每一个server保存一个当前term的数字(随时间线性增长)。不论何时server在沟通的时候,当前的term会被交换。candidtae和leader发现自己的term过时的时候,就会转变为follower。如果一个server收到了一个包含过时的term number的request,它会忽略。
5.2 Leader Election
在开始的时候,一个server是follower,当收到leader或者candidate的RPC时,它会一直保持这个状态。Leader会发送定时的heartbeat信息(不含log entries的AppendEntries RPC调用)给所有followers,以保持他们的属性状态。
如果一个follower在election timeout的时间内没有收到任何交流信息,它就开始选举leader
在选举的开始,follower增加它的term number,并且转换成candidate状态。它给自己投票,并且向集群中的其他server发送RequestVote RPC调用。 以下三种状况中,candidate转换自己的状态:
- 赢得了选举
- 另一个server赢得了选举
- 没有winner 以下是三种情况的详细说明:
- 赢得选举 <=> 在同一个term中,获取集群中的大多数选票。 一个server最多只能在一个term中投票一个candidate(以FCFS的方式投票),这个机制保证了在一个term中,最多只有一个优胜者。当一个candidate赢得选举后,发送heartbeat信息来终止新的选举。

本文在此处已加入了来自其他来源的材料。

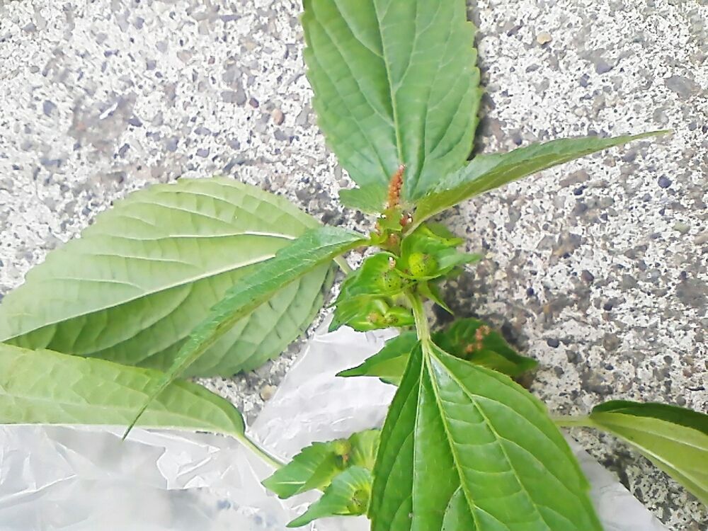 牧野新植物図鑑によると 葉腋に柄のついた花序を出す。雄花はがく4裂し雌花ではがくが3裂していて茎は直立し高さ20 ~40

- 在等待选票的过程中,如果收到了其他server的AppendEntries RPC(即他也想当leader),根据term number的大小决定是否变回follower,若调用来自term较大(>= 当前的candidate term)的,则变回follower
- 大家都没有获得足够的选票,那么每个candidate都timeout然后进行新一轮的选举,并增加自己的term number
raft使用随机的time-out长度来避免split vote
Raft节点数据结构
// Role is the server's role
type Role int
const (
FOLLOWER = 0
CANDIDATE = 1
LEADER = 2
)
type LogEntry struct {
Command interface{}
Term int // 这条logEntry是在term时期被写入的
}
//
// A Go object implementing a single Raft peer.
//
type Raft struct {
mu sync.Mutex // Lock to protect shared access to this peer's state
peers []*labrpc.ClientEnd // RPC end points of all peers
persister *Persister // Object to hold this peer's persisted state
me int // this peer's index into peers[]
dead int32 // set by Kill()
// Your data here (2A, 2B, 2C).
// Look at the paper's Figure 2 for a description of what
// state a Raft server must maintain.
currentTerm int
votedFor int // vote for the candidate id
log []LogEntry // log entries
role Role
commitIndex int // index of log entry of the highest
lastApplied int
nextIndex []int // 对于每个server,需要发送的日志索引
matchIndex []int // 对每个server,已知的已经被冗余了的日志最高索引
// channel for communication
chAppendEntry chan struct{} // 用于通信的管道, receive the heartbeat
chRequestVote chan struct{} // channel, receive the request vote
}
// return currentTerm and whether this server
// believes it is the leader.
func (rf *Raft) GetState() (int, bool) {
var term int
var isleader bool
// Your code here (2A).
rf.mu.Lock()
term = rf.currentTerm
isleader = (rf.role == LEADER)
rf.mu.Unlock()
return term, isleader
}
GetState函数
// return currentTerm and whether this server
// believes it is the leader.
func (rf *Raft) GetState() (int, bool) {
var term int
var isleader bool
// Your code here (2A).
rf.mu.Lock()
term = rf.currentTerm
isleader = (rf.role == LEADER)
rf.mu.Unlock()
return term, isleader
}
Make函数启动一个Raft节点
func Make(peers []*labrpc.ClientEnd, me int,
persister *Persister, applyCh chan ApplyMsg) *Raft {
rf := &Raft{}
rf.peers = peers
rf.persister = persister
rf.me = me
// Your initialization code here (2A, 2B, 2C).
rf.currentTerm = 0
rf.votedFor = -1
rf.log = make([]LogEntry, 16)
rf.log[0] = LogEntry{struct{}{}, -1}
rf.commitIndex = 0
rf.lastApplied = 0
rf.matchIndex = make([]int, len(rf.peers))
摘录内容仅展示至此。